JPMorgan Chase CEO Jamie Dimon put Mayor Zohran Mamdani on notice Monday: keep hiking taxes and watch Wall Street leave.
In his annual shareholder letter, the 70-year-old Queens native said New York City already carries the highest corporate and individual tax burden in the country. Businesses are responding in kind.
“You can already see a fairly large exodus of people and jobs out of some states with high taxes and high expenses,” Dimon wrote.

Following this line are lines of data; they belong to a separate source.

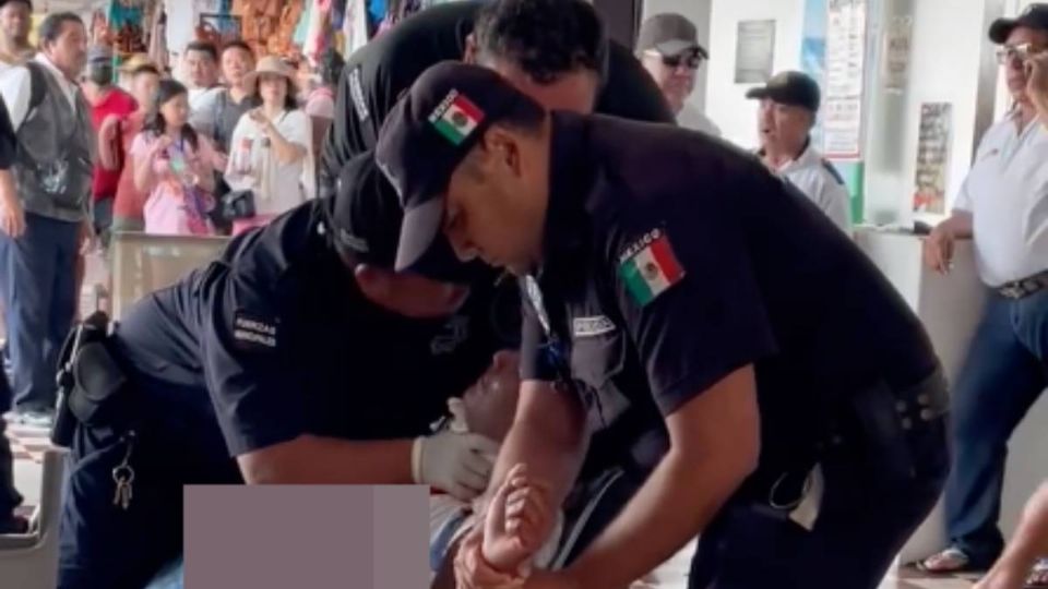 Al ver que los policías llegaron, el hombre no quiso que le brindaran ayuda y siguió amenazando que se quería morir. De pronto cuando llegó a sentarse en uno de los asientos destinados en el área de espera, uno de los uniformados lo sorprendió por detrás y comenzó un fuerte forcejeo hasta que entre tres policías lograron sujetarlo al sentarlo en las sillas.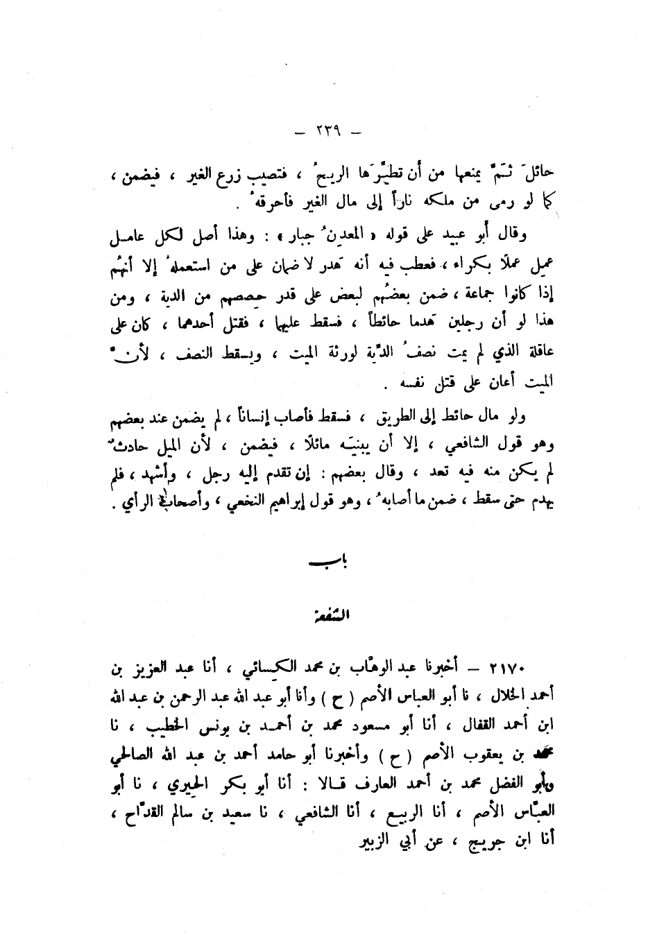 ح وَأَخْبَرَنَا أَبُو حَامِدٍ أَحْمَدُ بْنُ عَبْدِ اللَّهِ الصَّالِحِيُّ، وَأَبُو الْفَضْلِ مُحَمَّدُ بْنُ أَحْمَدَ الْعَارِفُ، قَالا: أَنا أَبُو بَكْرٍ الْحِيرِيُّ، نَا أَبُو الْعَبَّاسِ الأَصَمُّ، أَنا الرَّبِيعُ، أَنا الشَّافِعِيُّ، نَا سَعِيدُ بْنُ سَالِمٍ الْقَدَّاحُ، أَنا ابْنُ جُرَيْجٍ، عَنْ أَبِي الزُّبَيْرِ،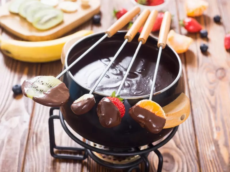Dê preferência ao chocolate amargo para que a refeição fique menos enjoativa. Nos acompanhamentos, acrescente bombons, marshmallow, waffers e frutas, sem esquecer que elas devem ser bem higienizadas e secas, para que não soltem água no chocolate.
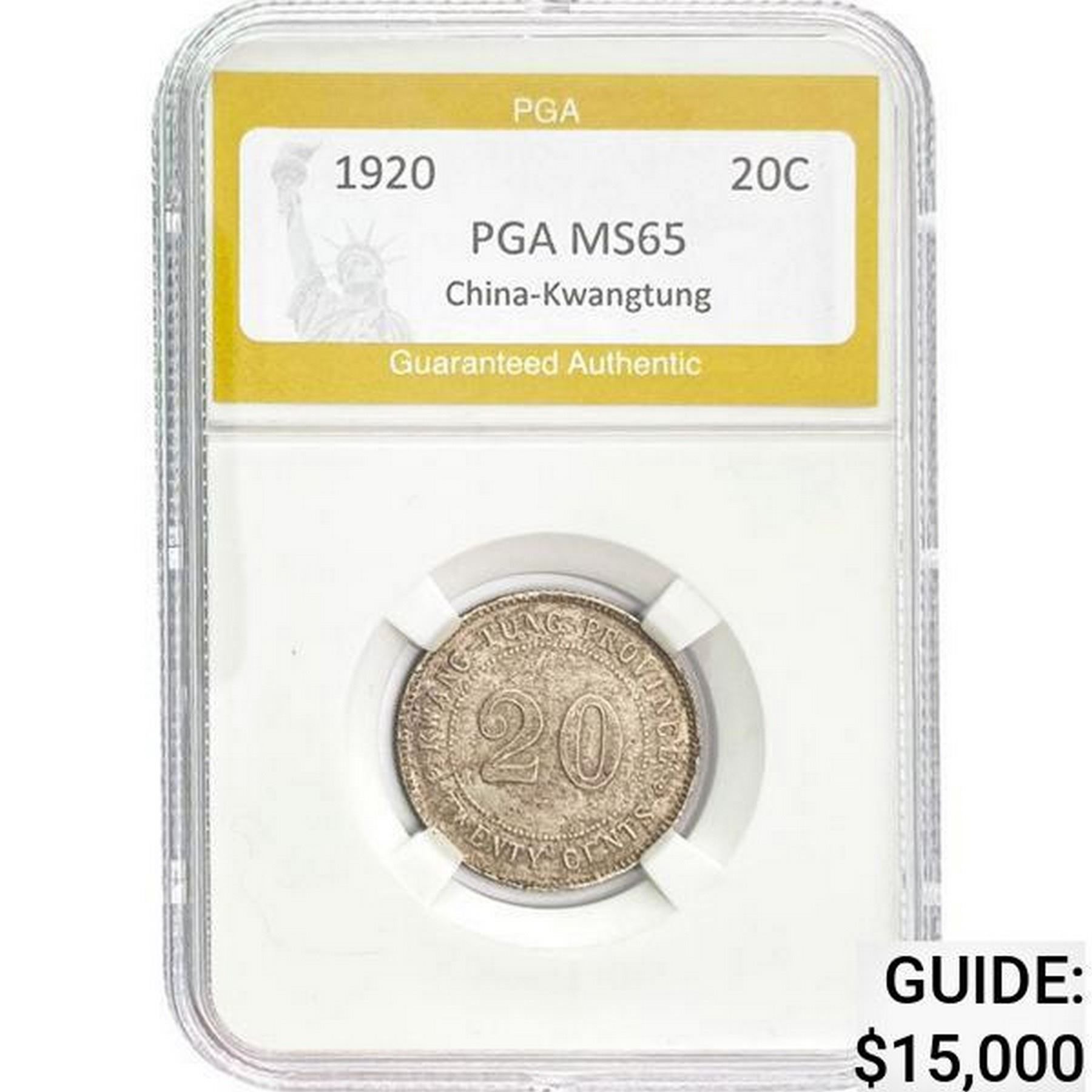 1920 China-Kwangtung 20C PGA MS65 MS65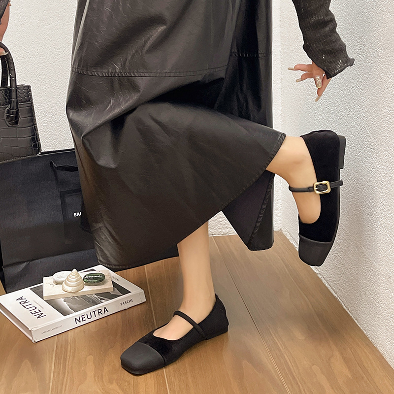 프랑스 스타일 메리 제인 레트로 싱글 레이어 신발 여성의 2024 년 봄과 가을 새로운 얕은 입 한 캐릭터 버클 늦은 저녁 스타일 세련된 싱글 레이어 신발스토어 가기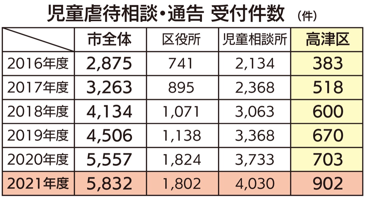 年齢別では、就学前までの乳幼児が3232件(135件増)で半数以上。主な虐待者別の構成比は実母が56・7%、実父が39・1%だった。区別では川崎区が最多の1243件で、高津区は3番目に多いの902件(前年度比199件増)だった。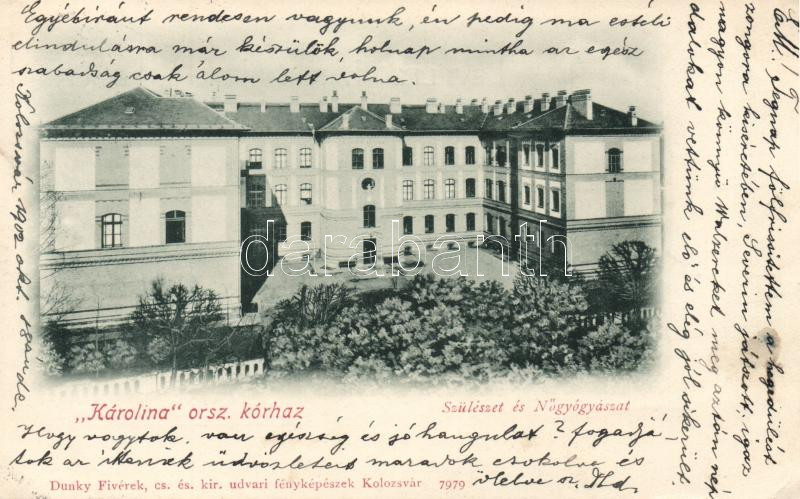 Kolozsvár, Karolina kórház / hospital (EK) https://www.darabanth.com/hu/207-Gyorsarveres/207.0/Kepeslapok/Erdely~6/Kolozsvar-Karolina-korhaz-hospital-EK~II837868

He didn’t name Mamdani. He didn’t have to. The democratic socialist mayor swept into office last year promising to “tax the rich” and has spent his first year trying to deliver. He wants to jack the corporate tax rate from 7.25% to 11.5%, and hit individuals earning over $1 million with an extra 2% surcharge. City Comptroller Mark Levine says NYC needs to close a $12 billion budget hole within two years.
Mamdani’s answer: make it more expensive to do business here.
JPMorgan’s numbers tell the story. The bank opened a brand-new $3 billion headquarters on Park Avenue last year. Same time, it was cutting its New York headcount from 30,000 to 24,000. Texas? Up from 26,000 jobs in 2015 to 32,000 now. Dimon said that shift “will likely continue.”
Apollo Global Management is already eyeing Texas and Florida for a second U.S. base. Steve Fulop, CEO of the Partnership for New York City, said it’s not just Apollo.
“Business leaders feel that some elected officials are tone deaf to the broader economic environment,” Fulop said Sunday on 77 WABC. “They have no realistic long-term plan to fix the affordability crisis beyond raising costs.”
Dimon reached back to the 1970s as a warning. That decade, nearly half of the 125 Fortune 500 companies based in New York packed up and left, crushed by taxes and ballooning operating costs. He called that kind of departure “a disaster for a city.”
Fifty years later, the pattern is repeating itself under a mayor who treats “tax the rich” as both an economic policy and a moral calling.
“Higher taxes mean lower returns on capital and less competitiveness by their nature,” Dimon wrote. “Companies need to remain competitive in this very tough, fast-moving world.”